Волхвы в России

Владимир Микушевич
     В 1913 г. Кроули  посещает Россию, и это посещение таинственным образом подтверждает то главное, что он уже сделал как поэт и ещё намерен сделать. Россия в эти годы вообще производит глубокое, неизгладимое впечатление на поэтические натуры, творящие конец века и начало века. Среди таких натур Кнут Гамсун, пишущий проникновенные очерки "В сказочной стране", Эрнст Барлах, чью скульптуру определяют в это время каменные бабы в бывших скифских степях, Анри Матисс, равнодушно проходящий по залам Третьяковской галереи, чтобы в изумлённом восхищении воскликнуть перед православными иконами: "Вот ваша истинная живопись!", и, наконец, а, может быть, в первую очередь, Райнер Мария Рильке, которому Россия подарит "Книгу часов", чьё творчество ещё переплетётся с творчеством Алистера Кроули, по всей вероятности, негаданно для обоих. Норвежский романист, французский живописец, немецкий скульптор, австро-европейский поэт весьма напоминают череду волхвов, и в эту череду вписывается Алистер Кроули.
   
     В его скитаниях всегда распознавался некий мистический смысл.
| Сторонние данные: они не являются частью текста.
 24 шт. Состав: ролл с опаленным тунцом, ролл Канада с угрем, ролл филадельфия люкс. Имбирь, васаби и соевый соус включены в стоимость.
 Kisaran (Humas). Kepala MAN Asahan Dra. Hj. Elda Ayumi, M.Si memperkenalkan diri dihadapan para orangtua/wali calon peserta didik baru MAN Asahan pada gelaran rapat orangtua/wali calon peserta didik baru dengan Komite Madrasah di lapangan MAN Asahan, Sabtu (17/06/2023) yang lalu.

Головокружительно опасные восхождения на горные вершины, недоступные обычному человеку, намекали на рискованные, но тем более насущные искания. Что касается риска, в Кроули распознаются черты русских метафизических экстремистов, и не эти ли черты влекут его в Россию как на духовную родину? И в святости и в грехе Кроули ищет запредельного, как будто в запредельном святость и грех совпадают. Конечно, в этом жуткий соблазн, но, быть может, и чаянье, что если спасительное: "Я пробовал везде мою силу. Вы мне советовали это, "чтоб узнать себя". На пробах для себя и для показу, как и прежде во всю мою жизнь, она оказывалась беспредельною". Кажется, это Кроули пишет о себе, но это слова Ставрогина из письма, за которым последует самоубийство.
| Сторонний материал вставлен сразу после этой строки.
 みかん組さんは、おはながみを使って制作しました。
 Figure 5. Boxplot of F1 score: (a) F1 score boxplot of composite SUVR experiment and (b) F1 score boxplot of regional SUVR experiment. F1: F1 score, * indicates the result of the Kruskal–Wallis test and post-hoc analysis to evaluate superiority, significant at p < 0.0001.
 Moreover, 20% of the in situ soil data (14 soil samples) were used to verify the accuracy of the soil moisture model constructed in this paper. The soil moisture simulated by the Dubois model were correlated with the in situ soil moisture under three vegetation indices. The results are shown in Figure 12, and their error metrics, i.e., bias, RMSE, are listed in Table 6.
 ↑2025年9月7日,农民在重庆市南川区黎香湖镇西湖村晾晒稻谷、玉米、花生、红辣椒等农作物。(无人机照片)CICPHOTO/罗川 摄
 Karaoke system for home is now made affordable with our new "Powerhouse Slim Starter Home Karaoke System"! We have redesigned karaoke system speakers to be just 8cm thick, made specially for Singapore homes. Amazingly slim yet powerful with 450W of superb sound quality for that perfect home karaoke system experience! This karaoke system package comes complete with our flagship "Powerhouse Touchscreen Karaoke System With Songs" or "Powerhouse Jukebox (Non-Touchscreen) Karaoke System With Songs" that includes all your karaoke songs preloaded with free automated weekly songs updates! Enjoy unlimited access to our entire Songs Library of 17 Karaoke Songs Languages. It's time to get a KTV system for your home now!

     Самоубийством кончает и другой герой "Бесов" Кириллов, опережая самоубийство своего наставника Ставрогина. Достоевский хотел назвать свой роман о Ставрогине "Житие великого грешника". Такое название напрашивается и для биографии Алистера Кроули. Сочетать несочетаемое – едва ли не главная цель всей его жизни. Проходя одно из первых розенкрейцерских посвящений, Кроули принимает имя Христос-Люцифер и доказывает, что это значит всего лишь Помазанник-Светоносец. У Достоевского Ставрогин обращает  Кириллова в крайний атеизм, из которого то ли сам Ставрогин то ли уже Кириллов делает вывод: "Если нет Бога, то я Бог". (Нечто подобное утверждал и Фихте.) Но Кириллов не останавливается на этом: "Я не понимаю, как мог до сих пор атеист знать, что нет Бога, и не убить себя тотчас же". И Алистер Кроули, по существу, на протяжении всей своей жизни балансирует на грани самоубийства, и в этом его запредельное скалолазание. Но тот же Ставрогин одновременно с обращением Кириллова в героический до самоубийства атеизм обращает Шатова в крайнее православие, и тот повторяет за ним: "Я верую в Россию, я верую в её православие… Я верую в тело Христово… Я верую, что новое пришествие совершится в России… Я верую…" И Кроули пишет очерк "Сердце святой Руси", который иногда называют поэмой в прозе. Гимн Кремлёвским соборам сочетается в этом очерке с тончайшим анализом древнерусской иконописи и зодчества, но сквозь все тонкости художественно-философского анализа порою слышится, что это "залепетал в исступлении Шатов". Русские инспирации у Кроули не ограничиваются этим очерком. Он напишет свою гностическую литургию, основываясь на православной литургии Василия Великого.